BENEFITING: Amyotrophic Lateral Sclerosis Association
EVENT DATE: Mar 19, 2017
On March 17th The ALS Association Orange County Chapter will be participating in The Los Angeles Marathon, in an effort to raise awarness and funds for ALS research.
For the past 19 years we have selected a person diagnosised with ALS to be pushed the entire 26.2 miles, showing the world that ALS will not stop us from living and achieving the seemingly impossible.
This year's marathoner is Eryn Blythe. Eryn is 39 years old, and when she was 6 months pregnant with her second child, she began to notice slight weakness in her left hand. She first thought it was something benign and pregnancy related. Luckily, her doctors recognized some of the symptoms, and began their diagnosis. In March 2014, one month prior to her baby being born, she was asked to come in to see her OB the following day. While waiting for the doctor, all of the lights in the building went out except for the one spotlight in her exam room. Sitting there in the almost dark, with her husband at her side, in a cold hospital gown, she was told that her baby was healthy and strong, but that she would most likely not be there to see either of her children start school, let alone finish it.

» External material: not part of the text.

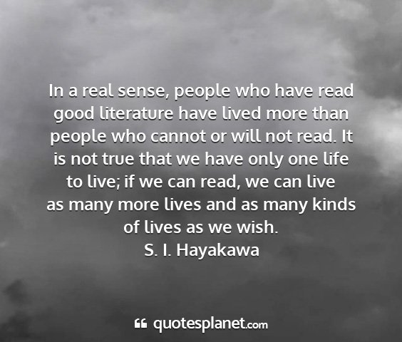 In a real sense, people who have read good literature have lived more than people who cannot or will not read. It is not true that we have only one life to live; if we can read, we can live as many more lives and as many kinds of lives as we wish.S. I. Hayakawa
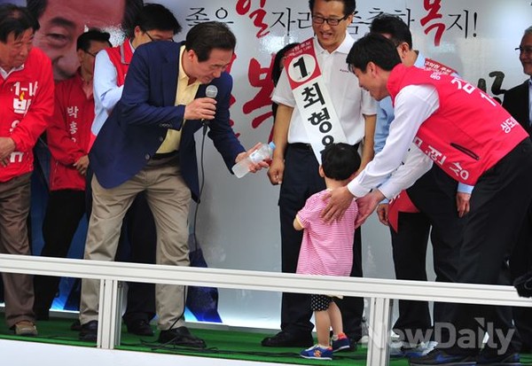 [포토]아이에게 물 건네 받는 정몽준 후보

Every 90 minutes someone is diagnosed with amyotrophic lateral sclerosis (ALS), a progressive neurodegenerative disorder. ALS, also known as Lou Gehrig's disease, Charcot's disease, and motor neuron disease (MND), attacks certain cells in the brain and spinal cord needed to keep our muscles moving. The senses, including hearing, sight, smell, taste, and touch, are not affected by ALS. Most people with ALS live 2-5 years after their first signs of disease. About 10% of people with ALS survive at least 10 years. This variable rate of disease progression makes prognosis difficult to predict and therapies challenging to develop.
Currently, there is only a single medicine for specifically treating ALS - riluzole. The drug, marketed by Sanofi-Aventis under the name Rilutek, extends survival by only about 2 to 3 months.
With your donation, you will not only support Eryn in this once in a liftime activity, but youll also be helping to create a world without ALS. Every penny raised will go directly to research. Together we can take steps towards a cure.